**ASSIGNMENT**
Retype the lines below exactly, from the one that contains "Décédée à Herstal (4040)" through the last, and leave every picture out.

**SOURCE DATA**
******
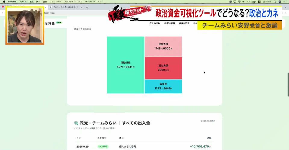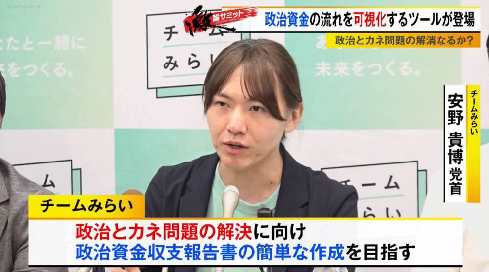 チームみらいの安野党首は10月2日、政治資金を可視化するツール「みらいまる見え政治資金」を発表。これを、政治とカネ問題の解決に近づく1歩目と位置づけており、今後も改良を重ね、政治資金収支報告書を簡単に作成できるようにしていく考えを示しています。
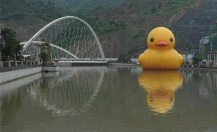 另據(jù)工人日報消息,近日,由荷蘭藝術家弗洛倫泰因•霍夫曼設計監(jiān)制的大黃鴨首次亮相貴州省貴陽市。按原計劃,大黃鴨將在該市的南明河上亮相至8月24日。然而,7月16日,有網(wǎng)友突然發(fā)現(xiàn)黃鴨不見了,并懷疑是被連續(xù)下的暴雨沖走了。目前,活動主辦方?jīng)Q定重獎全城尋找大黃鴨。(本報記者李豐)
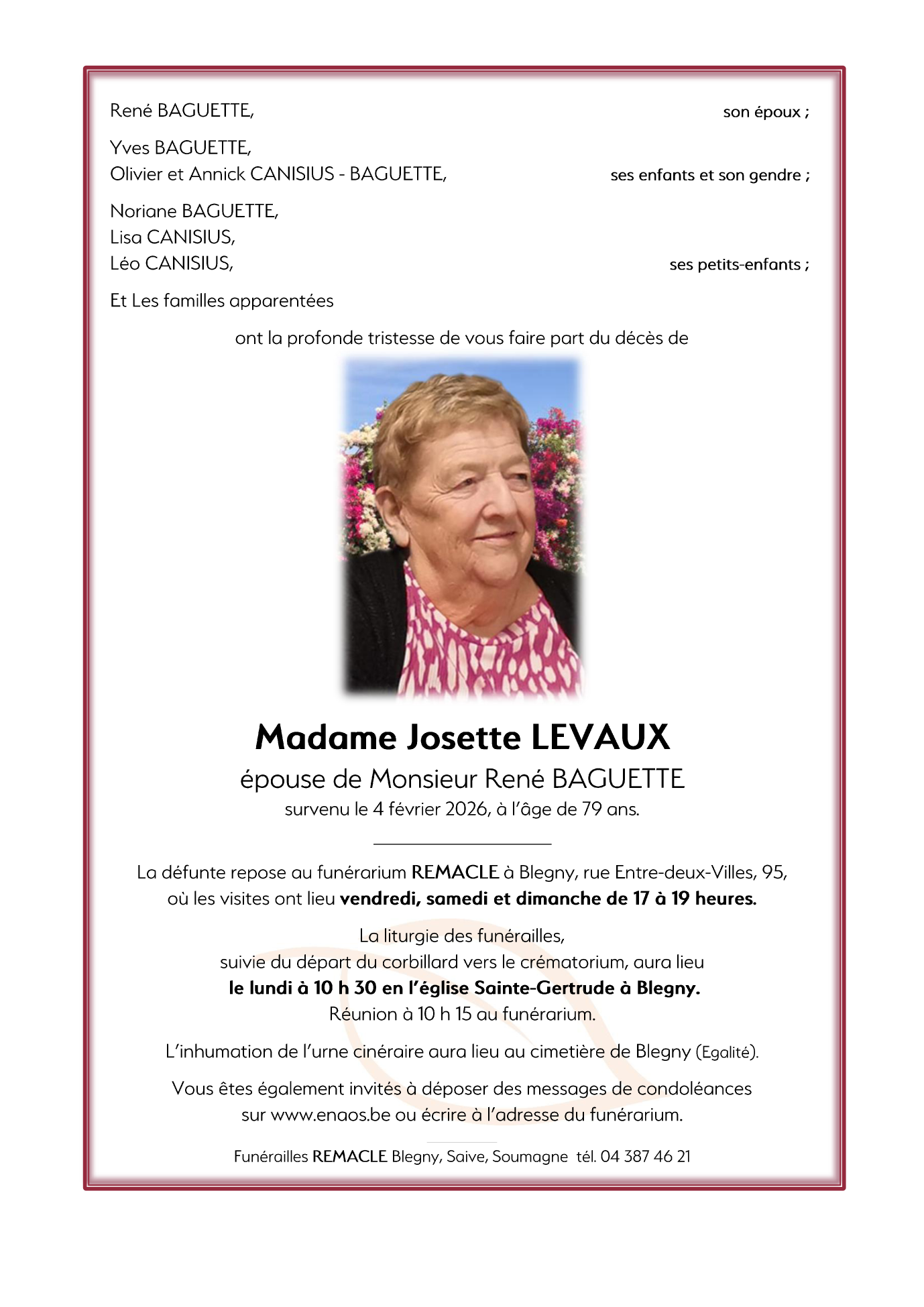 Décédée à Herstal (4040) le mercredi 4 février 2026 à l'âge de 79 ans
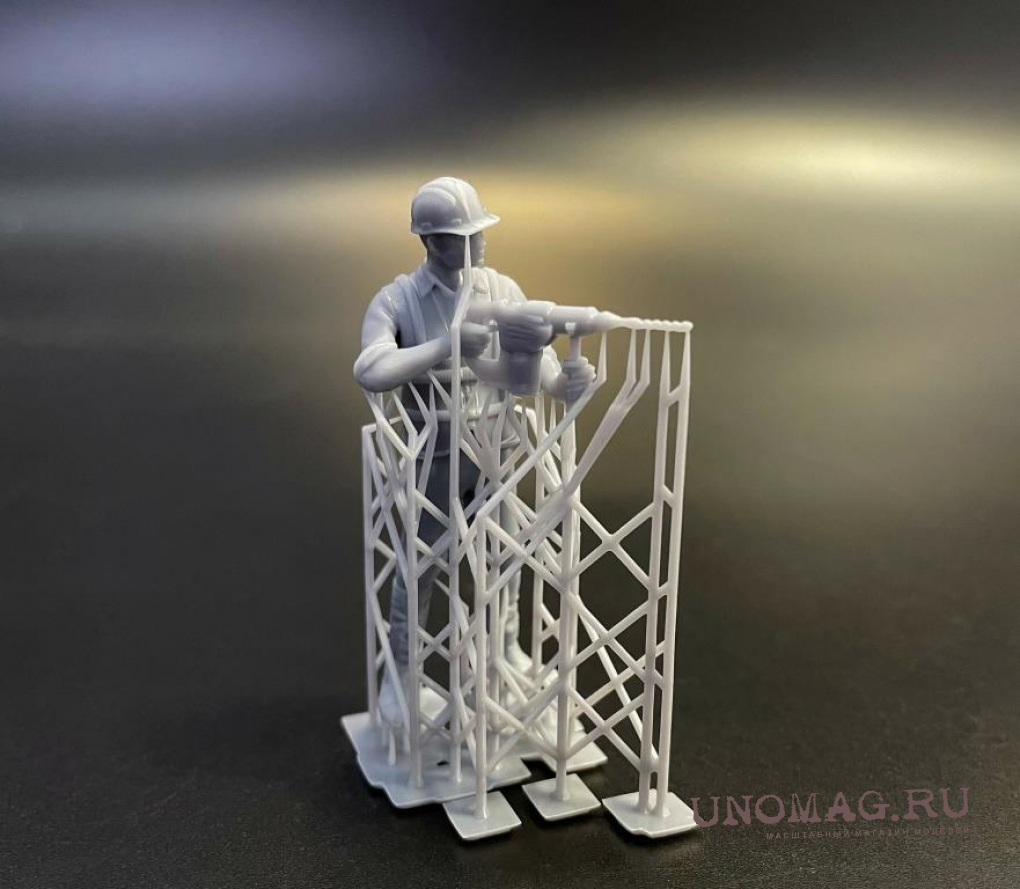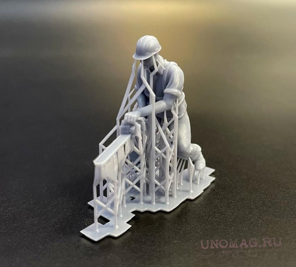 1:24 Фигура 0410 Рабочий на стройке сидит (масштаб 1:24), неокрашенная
******
**SOLUTION TO THIS EXERCISE**
 Décédée à Herstal (4040) le mercredi 4 février 2026 à l'âge de 79 ans
 1:24 Фигура 0410 Рабочий на стройке сидит (масштаб 1:24), неокрашенная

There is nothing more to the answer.